From an official Twitter page dedicated to recounting which trains are running behind schedule, which has reported eight different delays on 14 lines over the past four hours alone ...

... to nightmarish tales of finding bedbugs on the seats of Chicago's CTA, to getting stuck on the train for so long that your entire subway car devolves into a karaoke session, featuring DMX's "Party Up (Up In Here)," because yelling "Y'all gon' make me lose my mind" just hits differently after being trapped underground for two hours ...

.... public transit throughout most of the United States definitely, erm, has its issues. Yet, reader, not all hope is lost. There is apparently a God of public transit after all: Mercury, and some poor soul created a shrine in an attempt to appease his infamous ire. 

Earlier this week, Twitter user @russ_owl came across a full-on altar dedicated to Mercury, the Roman God of "shopkeepers and merchants, travelers and transporters of goods, and thieves and tricksters," at the Utica Avenue A/C station in Brooklyn's Bed-Stuy neighborhood. Depicting what appears to be a hand-drawn portrait of the God underneath his associated symbols and the word "traveller" written in a Roman-inspired script, various, and likely exasperated, commuters have offered several items to his shrine, including dice, flowers, fake candles, a metro card, and of course, a slip of paper that seems to read "may all your trains be on time." Although admittedly skeptical, I'm truly hoping this shrine works -- we really do need a miracle at this point. 

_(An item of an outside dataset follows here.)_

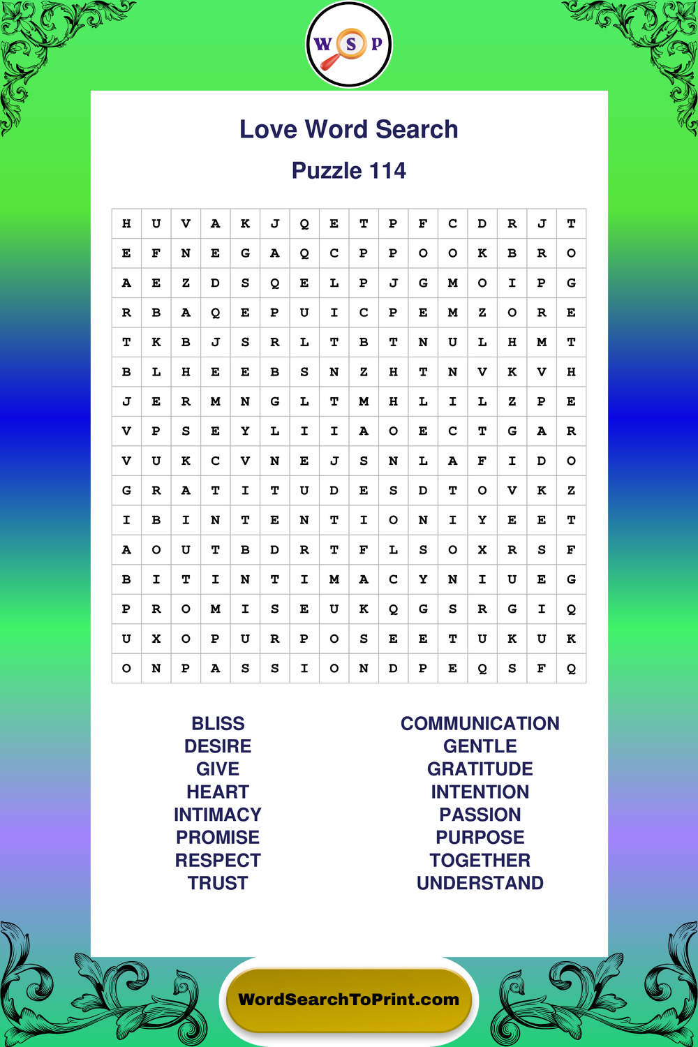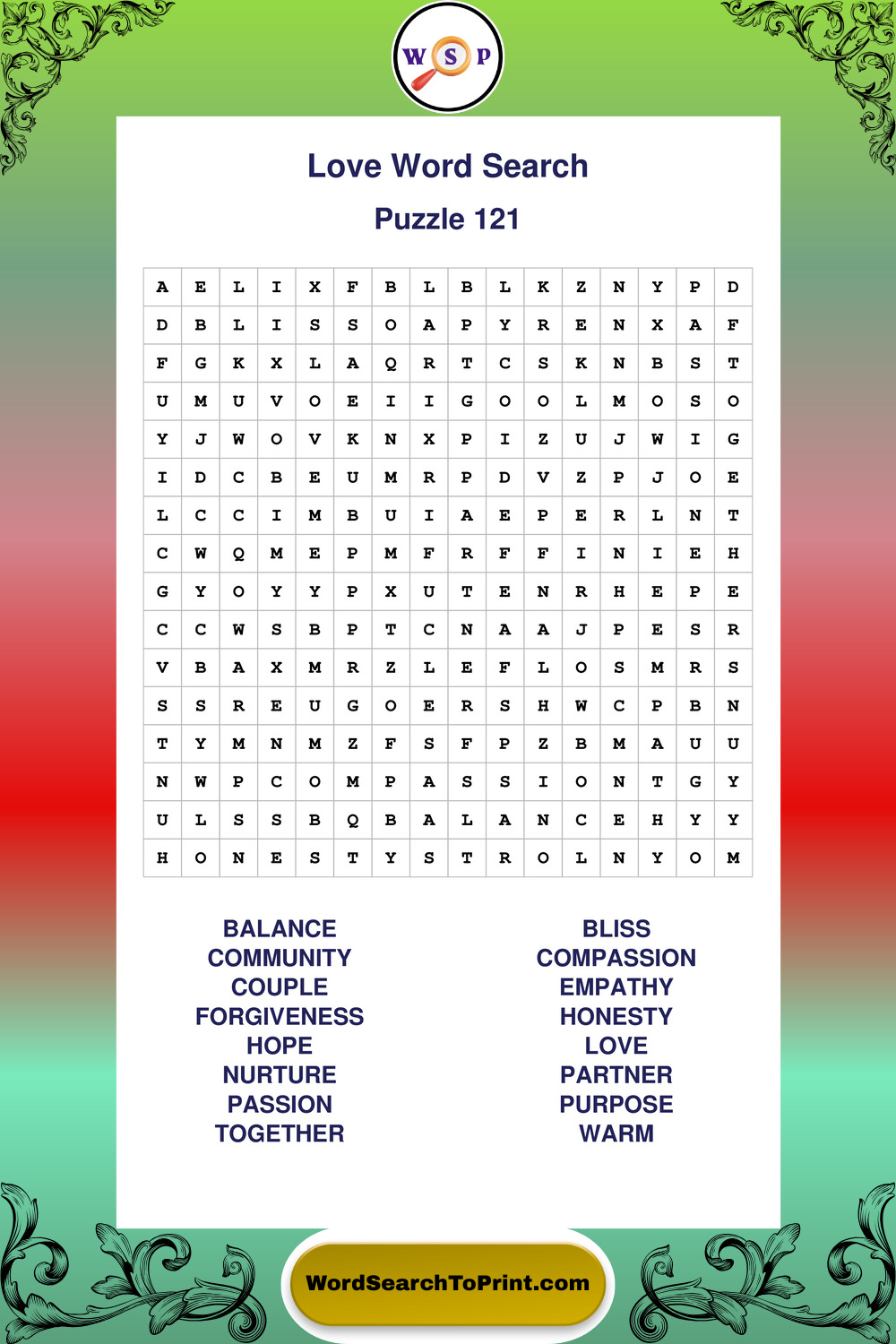 Discover large print Love wordsearches designed to support relaxed thinking and comfortable reading.
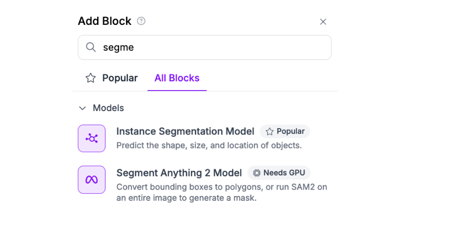 To use SAM 2 with Roboflow Workflows, create a new Workflow then add a "Segment Anything 2" block to your project:

Yet this isn't the first time commuters have attempted to appease Mercury. In October 2001, artist John Woodrow Kelly created a painting depicting the God for Brooklyn's Clinton-Washington Avenue G train station, a piece he says "represents infinity, the unknown the human soul proceeds towards." 

I always thought that my human soul proceeded towards work/the closest Starbucks when riding the G, but good on you for thinking big Mr. Kelly. I truly appreciate your visionary eye, which is still on display at the station to this day.